A total of 216 patients were observed during the study period, of which 215 (99.5%) completed the STOP-Bang questionnaire and performed a portable or laboratory PSG. Of the 215 patients included in the final analysis, 137 (63.7%) performed a portable PSG and 78 (36.2%) performed a laboratory PSG. Of these 78 patients, 19 had previously performed a portable PSG, but due to technical errors or a clinical context the condition was not explained by a normal or near normal portable PSG, a laboratory PSG was ultimately performed. There were 6 patients in whom a negative portable PSG was not followed by a laboratory PSG because the study had been performed in excellent technical conditions and the patients described a full night's sleep.

Descriptive summary statistics, STOP-Bang characteristics, AHI of the patient population and comparison of OSA and non-OSA groups are displayed in Table 1. Although greater or more prevalent in the OSA group, Epworth score, tiredness, BMI >35 kg/m2, and age >50 years were the only characteristics which were not significantly different between the OSA and non-OSA group. Of the 215 patients included for analysis 168 (78%) had OSA of which, 50 (29.8%), 56 (33.3%), and 62 (36.9%) had mild, moderate, and severe OSA, respectively. In the non-OSA group, 3.4% of the patients had no sleep disorder while 9.3% had isolated insomnia, 3.3% had isolated restless legs, 2.3% had central sleep apnea syndromes, 1.7% had idiopathic hypersomnia, 1.0% had narcolepsy, 1.0% had parasomnia and 0.5% had period leg movement disorder (isolated).
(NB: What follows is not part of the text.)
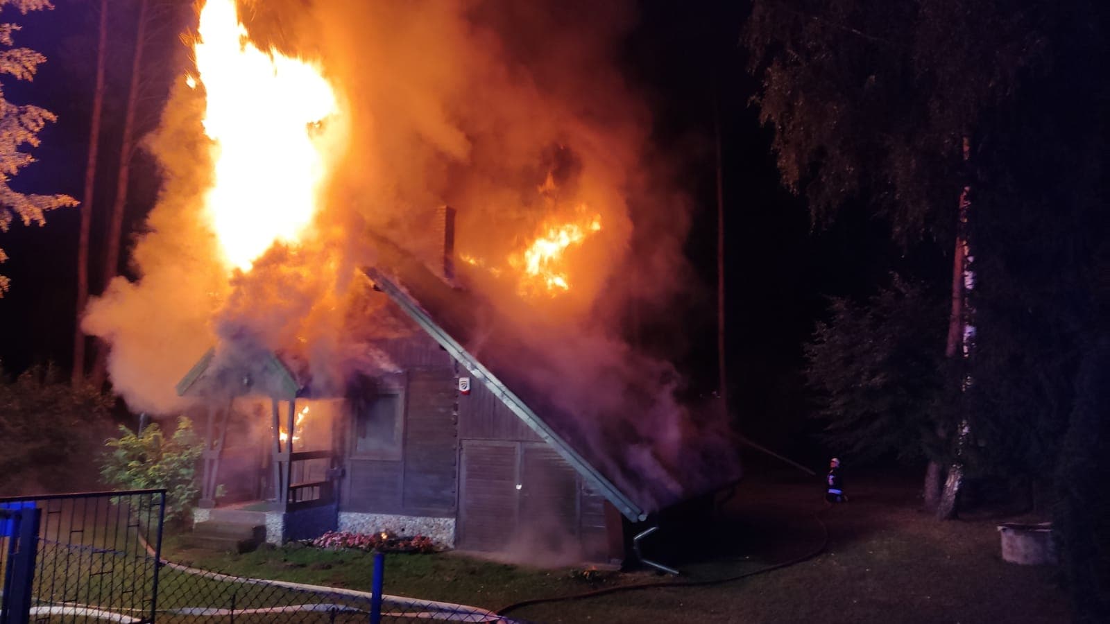 Drugą informację o pożarze domku letniskowego w miejscowości Popowo-Parcele odebrano o godzinie 3:02. W chwili przybycia pierwszego zastępu straży pożar był już w fazie rozwiniętej. Płomienie wychodziły na zewnątrz budynku przez otwory okienne i poszycie dachu. Działania straży polegały na podaniu 3 prądów wody. Aby opanować ugasić pożar niezbędne było użycie podnośnika hydraulicznego i przeprowadzenie prac rozbiórkowych dachu.

The distribution of patients according to their STOP-Bang score is detailed in Figure 1. Most patients had a STOP-Bang score of 4 (19.5%), 5 or 6 (both with 20.9%).
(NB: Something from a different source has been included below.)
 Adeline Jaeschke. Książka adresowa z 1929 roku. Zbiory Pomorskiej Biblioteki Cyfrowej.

Table 1. Summary statistics of the patient population and comparison of OSA and non OSA group.

BMI: body mass index; AHI: Apnea-Hypopnea Index; OSA: obstructive sleep apnea; NS: not significant.
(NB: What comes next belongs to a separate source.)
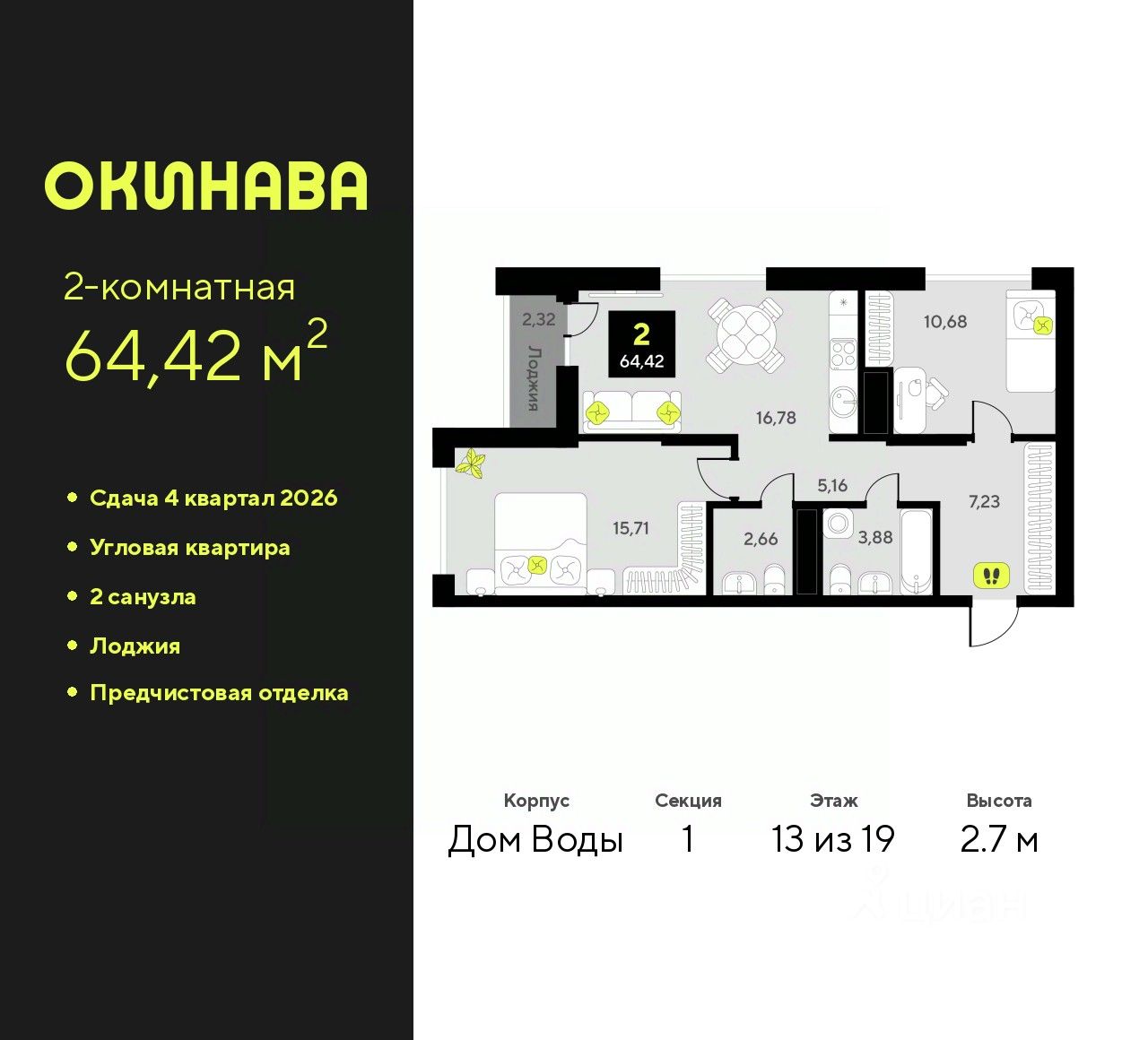 Продается двухкомнатная квартира с предчистовой отделкой в ЖК ''Окинава'' на 13 этаже. Общая площадь: 64.42 кв.м., жилая: 26.39 кв.м., площадь просторной кухни-столовой: 16.78 кв.м. Угловая квартира, идеально подойдет любителям тишины и панорамных видов. В квартире одна лоджия, один совмещенный и один раздельный санузел. Высота потолков 2.7 м.

Figure 1. Distribution of patients according to their STOP-Bang score.

Using the STOP-Bang model for the prediction of all OSA, moderate/severe OSA, and severe OSA, the area under the ROC was 0.806 (95% CI: 0.730–0.881) (p < 0.0001), 0.730 (95% CI: 0.661–0.798) (p < 0.0001), and 0.728 (95% CI: 0.655–0.801) (p < 0.0001), respectively, confirming the diagnostic ability of the STOP-Bang model in all OSA severities. Using the ESS as predictor, the area under the ROC was 0.556 (95% CI: 0.461–0.652) (p = 0.238), 0.606 (95% CI: 0.529–0.682) (p = 0.008), and 0.614 (95% CI: 0.533–0.696) (p = 0.009), for all OSA, moderate/severe OSA, and severe OSA, respectively, reflecting the inferior discriminative power of the ESS for the diagnosis of OSA.

The sensitivity, specificity, PPV, and NPV for all OSA, moderate/severe OSA, and severe OSA are summarized in Table 2. With a STOP-Bang score ≥3 the sensitivity and PPV were 93.4% and 86.6% for all OSA, 95.7% and 62.4% for moderate/severe OSA and 98.4% and 33.7% for severe OSA, respectively. With the same cut-off the negative predictive value for moderate/severe and severe OSA were 85.3% and 97.1%, respectively. As the STOP-Bang score increased from 3 to 7, the specificity and PPV increased continuously from 48.9% to 97.9% and 86.6% to 95.0% for all OSA; 29.9% to 95.5% and 62.4% to 80% for moderate/severe OSA; and 21.9% to 95.4% and 33.7% to 63.9% for severe OSA, respectively.

Table 2. Predictive parameters of each STOP-Bang score cut-offs for different AHI levels (n, number of patients in the AHI group who scored the STOP-Bang score indicated or higher; percentage out of the 215 patients).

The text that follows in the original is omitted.